Discuss correlations and how the data is distributed also using Visualization. In particular try to answer to these questions:

*   Looking the price do you think the dataset is balanced?
*   Looking the customer_city distribution do you think the dataset is balanced?

# Meaning of the Columns

* **order_id**: unique order identifier 
* **customer_id**: the key to the orders dataset. Each 
order has a unique customer_id 
* **customer_unique_id**: the unique identifier of a customer.
* **customer_city**: customer city name
* **customer_state**: customer state
* **order_item_id**: sequential number identifying the number of items included in the same order.
* **product_id**: product unique identifier
* **price**: item price
* **freight_value**: item freight value item (if an order has more than one item, the freight value is split between items)
* **payment_type**: method of payment chosen by the customer.
* **payment_installments**: number of installments chosen by the customer.
* **payment_value**: transaction value.
* **order_status**: the order status (delivered, shipped, etc).
* **order_purchase_timestamp**: purchase timestamp.
* **order_approved_at**: purchase approval timestamp.
* **order_delivered_carrier_date**: order posting timestamp. When it was handled by the logistic partner.
* **order_delivered_customer_date**: actual order delivery date to the customer.
* **order_estimated_delivery_date**: the estimated delivery date informed to the customer at the purchase moment.
* **shipping_limit_date**: the deadline by which the seller must have the order ready to be shipped
* **product_category_name**: root product category, in Portuguese.
* **product_category_name_english**: root category of product, in English
* **product_name_lenght**: number of characters extracted from the product name.
* **product_description_lenght**: number of characters extracted from the product description.
* **seller_id**: seller unique identifier
* **seller_city**: seller city name
* **seller_state**: seller state

# Rename the Columns

In [None]:
df.rename(columns={'order_purchase_timestamp': 'purchase_date', 
                    'order_approved_at': 'approved_date', 
                    'order_delivered_carrier_date': 'handled_by_logistic_date',
                    'order_delivered_customer_date': 'delivery_date',
                    'order_estimated_delivery_date': 'estimated_delivery_date',
                    'order_item_id': 'item_per_order'
                    }, inplace=True)
df.head()

# Clean the Data

1. Remove the `customer_id`, `order_id`, `customer_unique_id`, `order_item_id`, `product_id`, `seller_id`, `product_category_name` columns.
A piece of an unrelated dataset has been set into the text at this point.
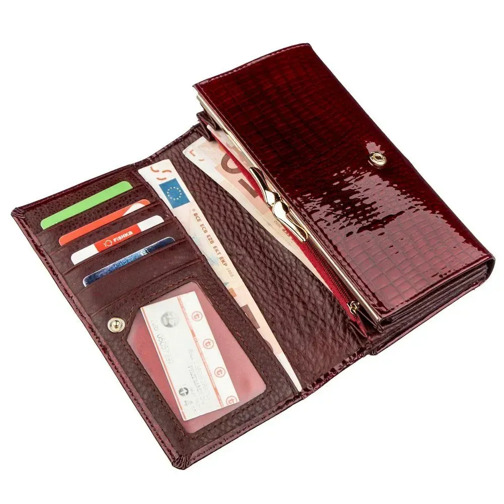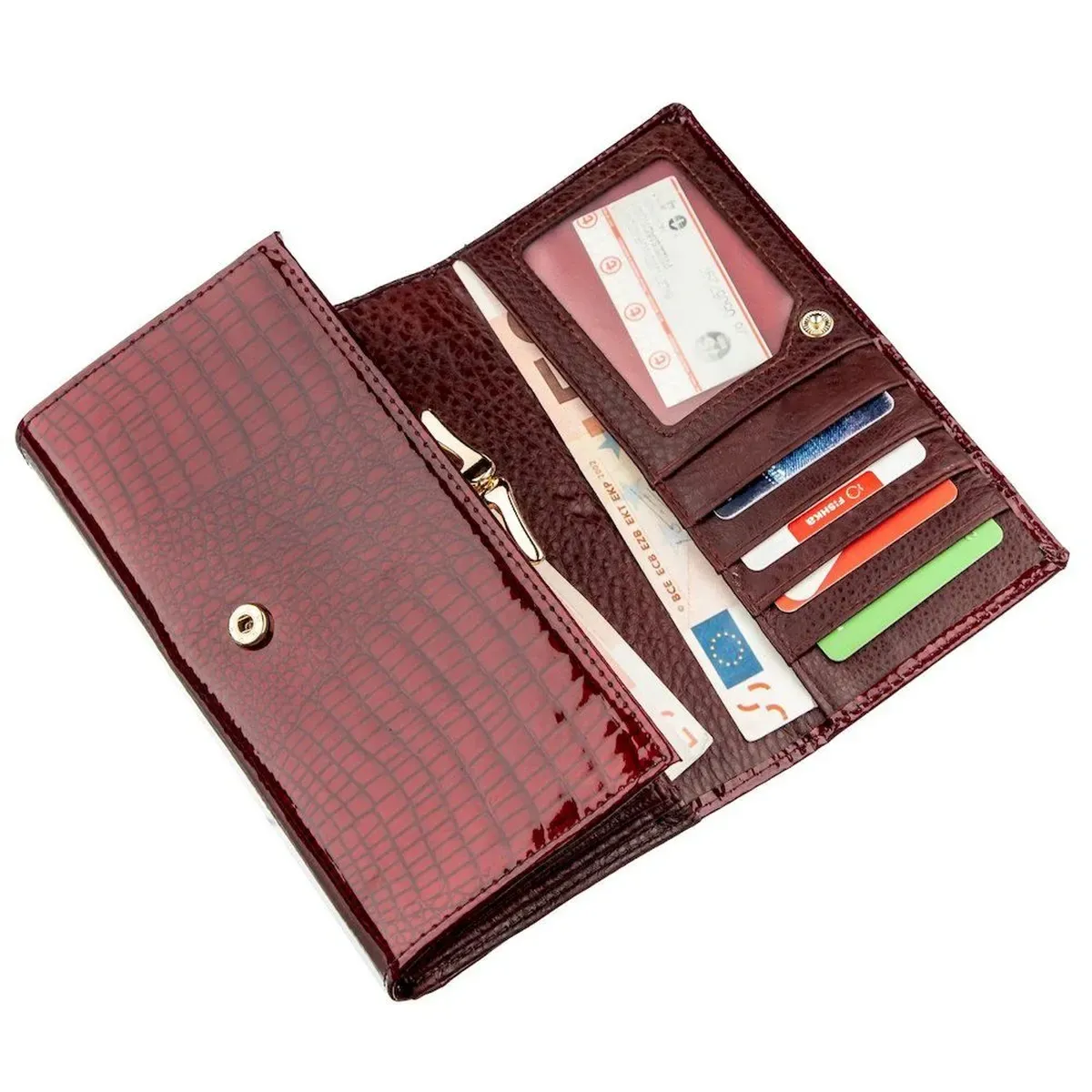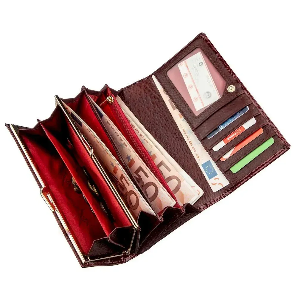 Лаковий жіночий гаманець з візитницею ST Leather 18911 Бордовий

2. Convert the `order_status`, `payment_type`, `product_category_name_english` columns to a categorical variable.

3. Remove from `order_estimated_delivery_date` column the `time`

4. Encode the `customer_city`, `customer_state`, `seller_city`, `seller_state` columns.

In [None]:
df.drop(['order_id', 'customer_unique_id', 'product_id', 'seller_id', 'product_category_name'], axis=1, inplace=True)

In [None]:
#drop duplicates
df.drop_duplicates(inplace=True)

In [None]:
from sklearn.preprocessing import LabelEncoder

le = LabelEncoder()

# Order Status
df['order_status'] = le.fit_transform(df['order_status'])

# payment_type
df['payment_type'] = le.fit_transform(df['payment_type'])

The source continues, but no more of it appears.